Input data:
⟨

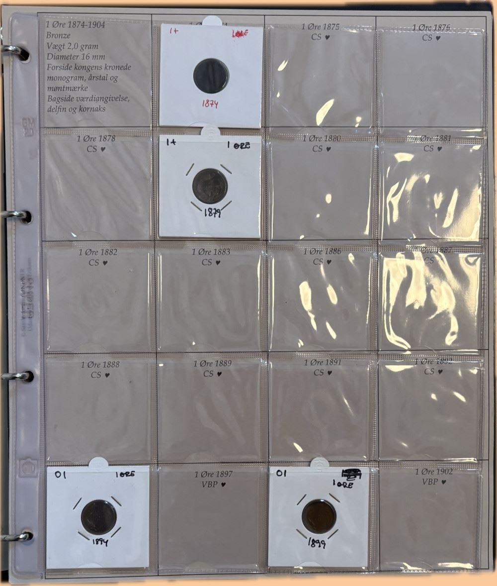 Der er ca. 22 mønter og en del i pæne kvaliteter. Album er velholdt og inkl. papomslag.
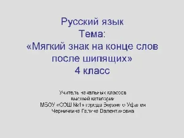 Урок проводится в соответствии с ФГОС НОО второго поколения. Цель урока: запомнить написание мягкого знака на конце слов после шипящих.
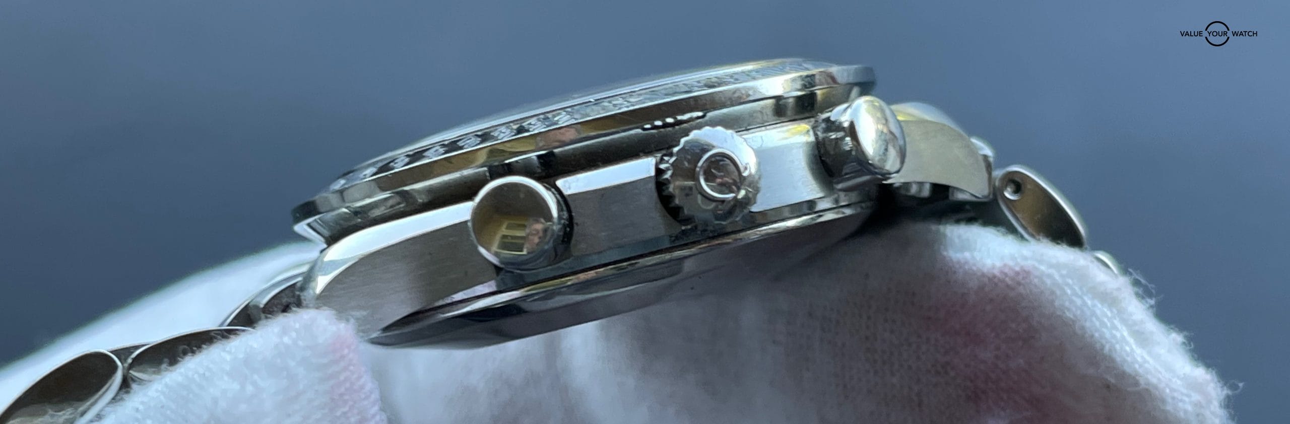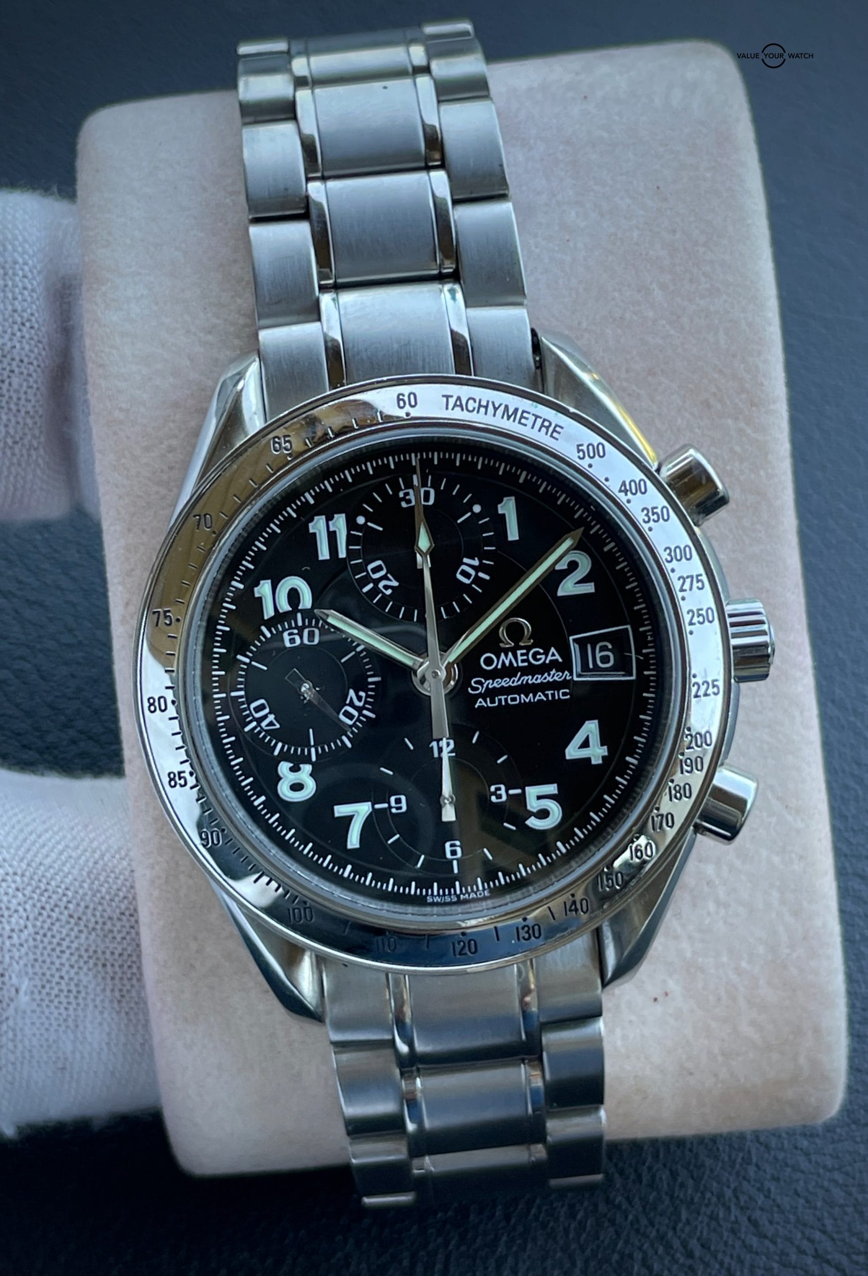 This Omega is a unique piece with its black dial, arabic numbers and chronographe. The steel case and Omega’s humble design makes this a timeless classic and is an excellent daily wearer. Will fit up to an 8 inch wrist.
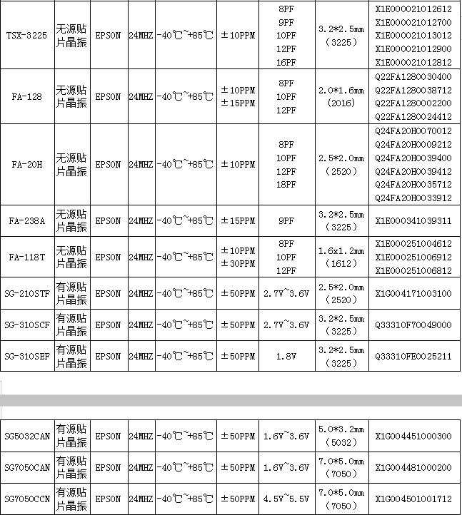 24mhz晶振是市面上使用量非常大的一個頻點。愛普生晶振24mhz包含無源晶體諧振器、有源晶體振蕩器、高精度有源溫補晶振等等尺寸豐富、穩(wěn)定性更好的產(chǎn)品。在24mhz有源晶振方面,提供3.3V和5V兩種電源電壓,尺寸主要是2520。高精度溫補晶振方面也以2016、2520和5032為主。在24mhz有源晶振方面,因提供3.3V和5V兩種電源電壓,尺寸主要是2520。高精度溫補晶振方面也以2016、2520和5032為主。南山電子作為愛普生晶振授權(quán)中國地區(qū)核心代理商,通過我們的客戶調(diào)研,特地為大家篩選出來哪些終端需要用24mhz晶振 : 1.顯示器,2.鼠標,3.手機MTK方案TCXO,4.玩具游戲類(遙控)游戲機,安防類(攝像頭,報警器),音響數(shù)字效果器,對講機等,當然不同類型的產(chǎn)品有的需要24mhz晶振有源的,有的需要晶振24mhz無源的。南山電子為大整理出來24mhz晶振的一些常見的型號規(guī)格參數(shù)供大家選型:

⟩

About this task: Extract the full listing above verbatim; pictures are to be left out of the copy.

Result below:
 Der er ca. 22 mønter og en del i pæne kvaliteter. Album er velholdt og inkl. papomslag.
 Урок проводится в соответствии с ФГОС НОО второго поколения. Цель урока: запомнить написание мягкого знака на конце слов после шипящих.
 This Omega is a unique piece with its black dial, arabic numbers and chronographe. The steel case and Omega’s humble design makes this a timeless classic and is an excellent daily wearer. Will fit up to an 8 inch wrist.
 24mhz晶振是市面上使用量非常大的一個頻點。愛普生晶振24mhz包含無源晶體諧振器、有源晶體振蕩器、高精度有源溫補晶振等等尺寸豐富、穩(wěn)定性更好的產(chǎn)品。在24mhz有源晶振方面,提供3.3V和5V兩種電源電壓,尺寸主要是2520。高精度溫補晶振方面也以2016、2520和5032為主。在24mhz有源晶振方面,因提供3.3V和5V兩種電源電壓,尺寸主要是2520。高精度溫補晶振方面也以2016、2520和5032為主。南山電子作為愛普生晶振授權(quán)中國地區(qū)核心代理商,通過我們的客戶調(diào)研,特地為大家篩選出來哪些終端需要用24mhz晶振 : 1.顯示器,2.鼠標,3.手機MTK方案TCXO,4.玩具游戲類(遙控)游戲機,安防類(攝像頭,報警器),音響數(shù)字效果器,對講機等,當然不同類型的產(chǎn)品有的需要24mhz晶振有源的,有的需要晶振24mhz無源的。南山電子為大整理出來24mhz晶振的一些常見的型號規(guī)格參數(shù)供大家選型:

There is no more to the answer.